_Task details_
Without copying any picture, transcribe exactly the lines of the data below from the one containing "地元の丹那牛乳をふんだんに使" through the one containing "Outer Banks |".

_Data for analysis_
========================
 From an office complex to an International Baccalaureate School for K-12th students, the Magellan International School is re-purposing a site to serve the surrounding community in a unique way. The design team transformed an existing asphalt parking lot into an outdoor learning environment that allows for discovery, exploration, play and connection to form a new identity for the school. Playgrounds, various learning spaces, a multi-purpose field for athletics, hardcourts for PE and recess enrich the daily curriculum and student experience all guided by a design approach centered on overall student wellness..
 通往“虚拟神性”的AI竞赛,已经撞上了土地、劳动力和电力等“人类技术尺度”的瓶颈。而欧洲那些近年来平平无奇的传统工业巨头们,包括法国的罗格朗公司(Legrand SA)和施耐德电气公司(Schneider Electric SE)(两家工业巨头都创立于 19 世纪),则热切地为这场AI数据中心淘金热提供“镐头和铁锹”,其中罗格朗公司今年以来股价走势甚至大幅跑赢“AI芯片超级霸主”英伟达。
========================
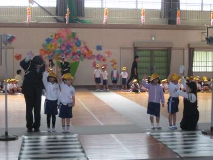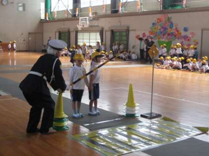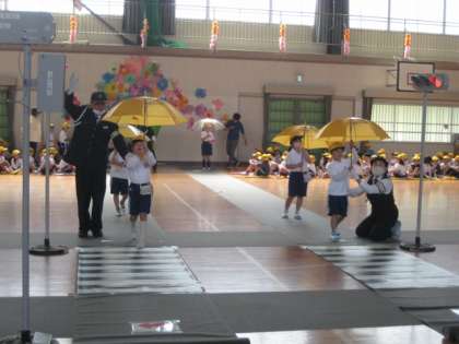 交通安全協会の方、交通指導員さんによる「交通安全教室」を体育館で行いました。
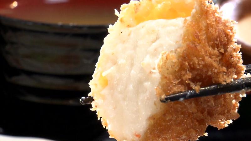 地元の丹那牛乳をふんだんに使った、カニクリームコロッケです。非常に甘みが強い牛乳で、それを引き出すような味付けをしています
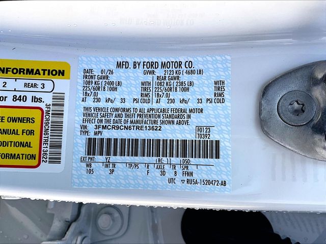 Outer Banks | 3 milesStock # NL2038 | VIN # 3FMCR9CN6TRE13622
========================
_The answer_
 地元の丹那牛乳をふんだんに使った、カニクリームコロッケです。非常に甘みが強い牛乳で、それを引き出すような味付けをしています
 Outer Banks | 3 milesStock # NL2038 | VIN # 3FMCR9CN6TRE13622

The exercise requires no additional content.